BEGIN RECORDS SHOWN
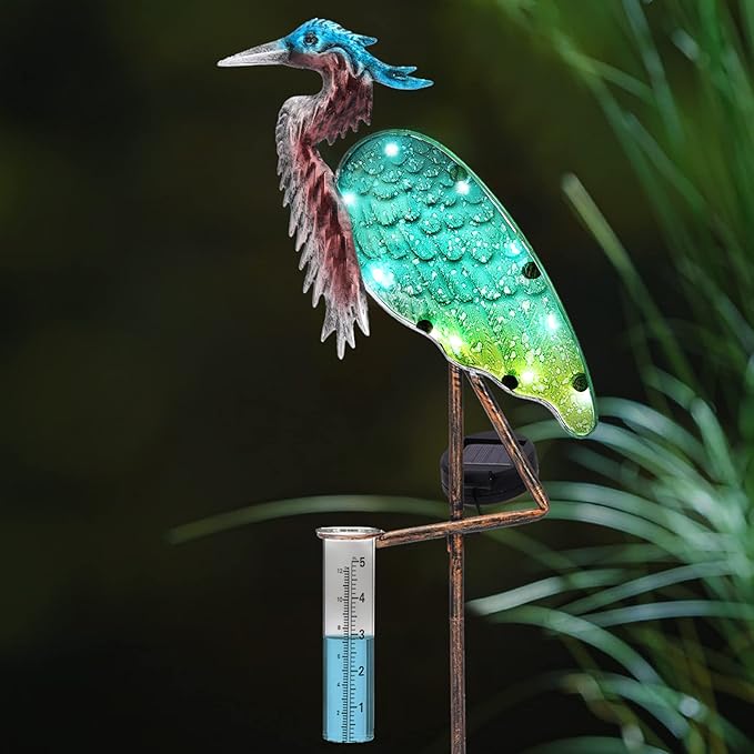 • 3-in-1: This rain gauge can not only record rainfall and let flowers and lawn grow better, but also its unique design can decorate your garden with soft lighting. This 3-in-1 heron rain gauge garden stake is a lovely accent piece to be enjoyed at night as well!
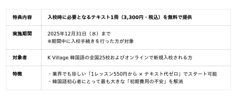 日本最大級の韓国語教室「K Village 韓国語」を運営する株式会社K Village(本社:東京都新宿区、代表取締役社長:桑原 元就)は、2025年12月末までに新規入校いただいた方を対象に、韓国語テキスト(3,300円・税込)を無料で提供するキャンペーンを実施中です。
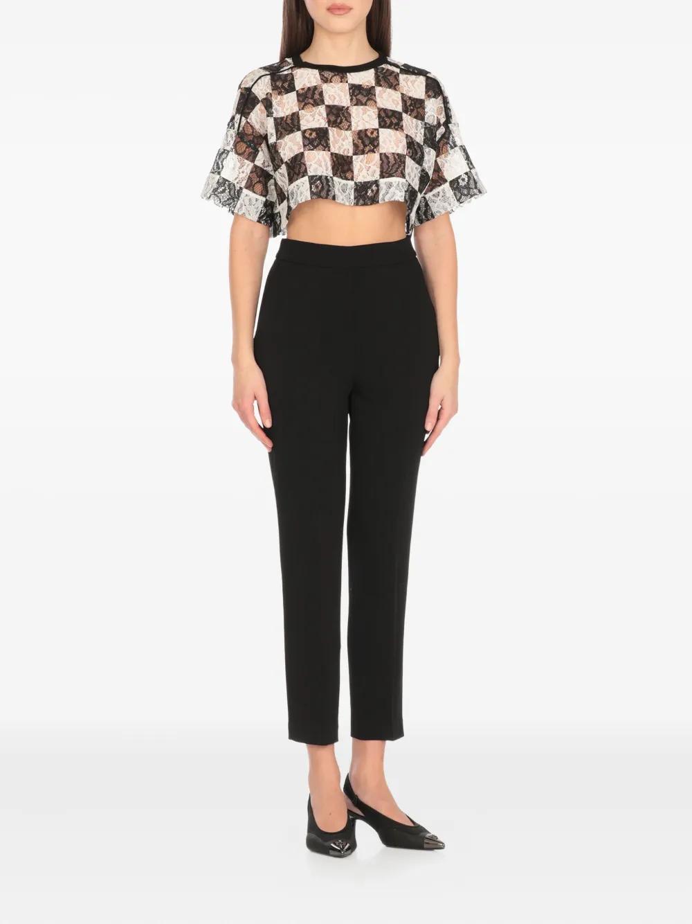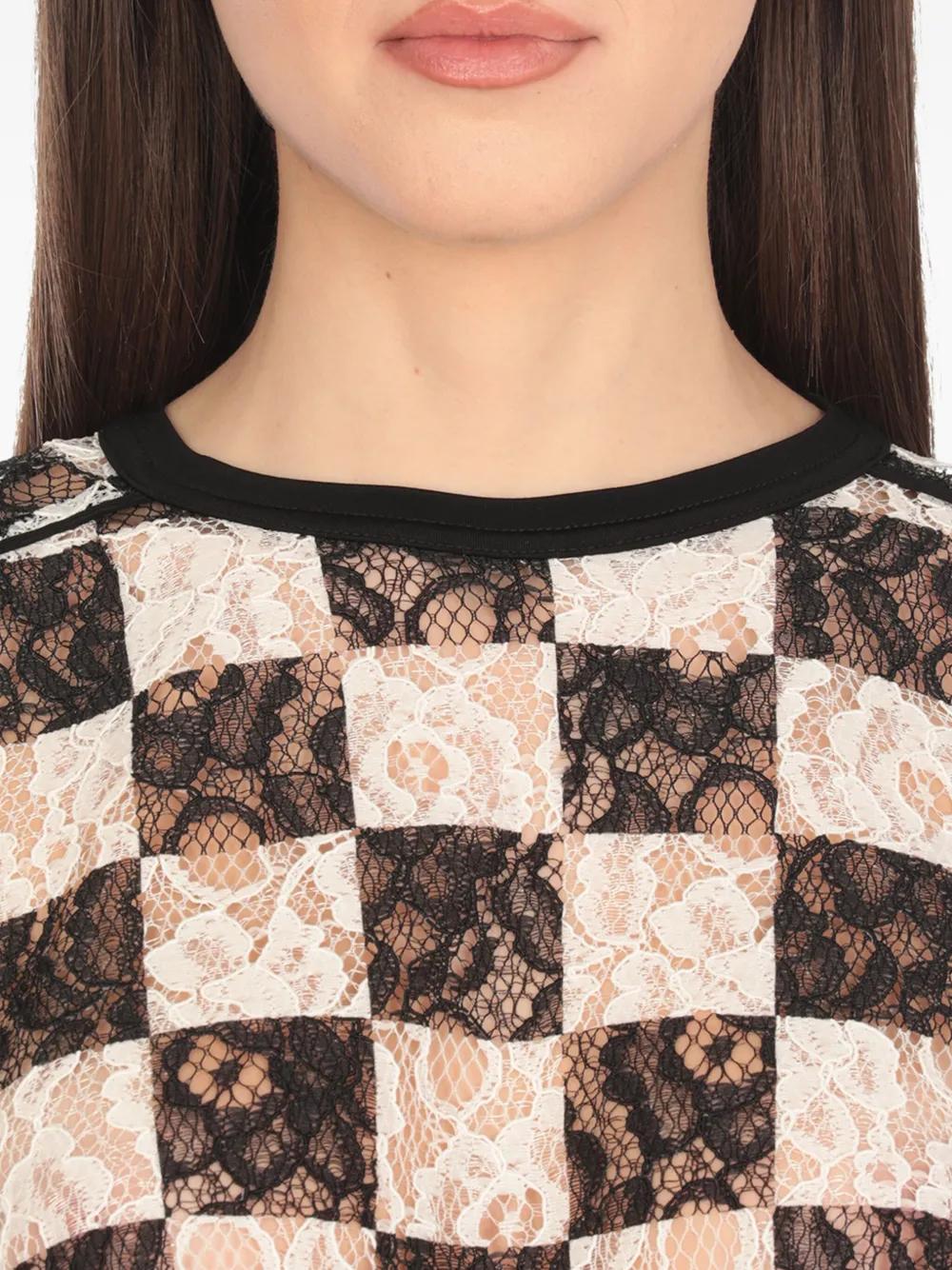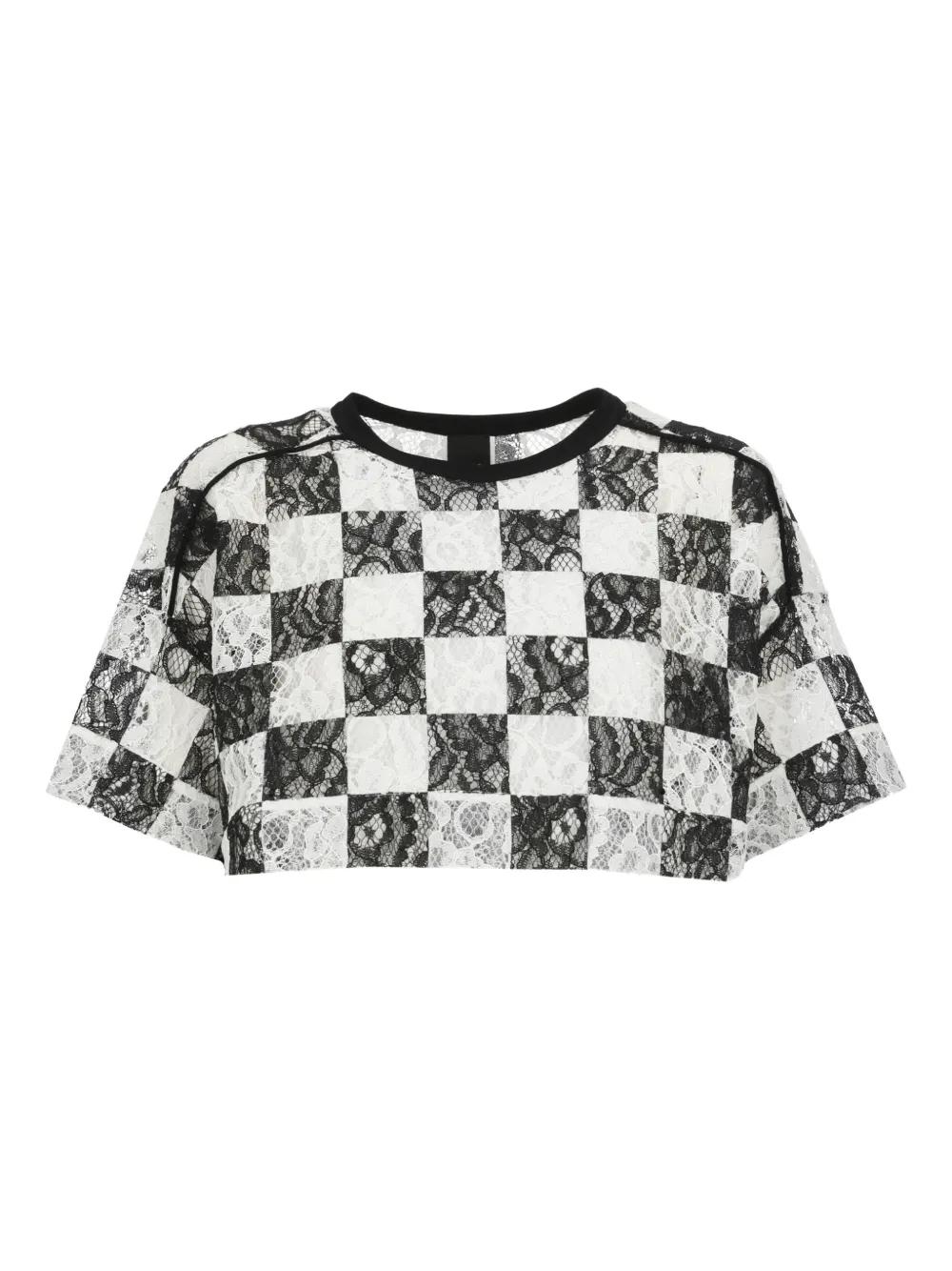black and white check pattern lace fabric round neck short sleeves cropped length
END RECORDS SHOWN
BEGIN RECORDS SHOWN
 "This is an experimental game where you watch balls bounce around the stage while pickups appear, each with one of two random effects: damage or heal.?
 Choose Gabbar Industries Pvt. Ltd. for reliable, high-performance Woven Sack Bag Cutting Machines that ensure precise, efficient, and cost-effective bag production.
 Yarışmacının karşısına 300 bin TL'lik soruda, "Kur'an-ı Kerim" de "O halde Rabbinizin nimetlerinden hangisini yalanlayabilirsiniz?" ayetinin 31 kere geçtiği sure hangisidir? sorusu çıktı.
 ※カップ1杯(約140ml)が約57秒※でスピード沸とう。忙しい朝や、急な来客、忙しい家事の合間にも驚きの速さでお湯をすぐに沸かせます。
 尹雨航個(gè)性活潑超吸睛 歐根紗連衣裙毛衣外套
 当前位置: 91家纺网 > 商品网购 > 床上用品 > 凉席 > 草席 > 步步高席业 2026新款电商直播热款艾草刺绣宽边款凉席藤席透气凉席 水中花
END RECORDS SHOWN
> WHAT IS REQUIRED: With the pictures removed from your copy, retype the lines above from the one that contains "日本最大級の韓国語教室「K Village 韓国語」を運営する株式会社K" through the one that contains "black and white", exactly.

> RESULT FOR THIS TASK:
 日本最大級の韓国語教室「K Village 韓国語」を運営する株式会社K Village(本社:東京都新宿区、代表取締役社長:桑原 元就)は、2025年12月末までに新規入校いただいた方を対象に、韓国語テキスト(3,300円・税込)を無料で提供するキャンペーンを実施中です。
black and white check pattern lace fabric round neck short sleeves cropped length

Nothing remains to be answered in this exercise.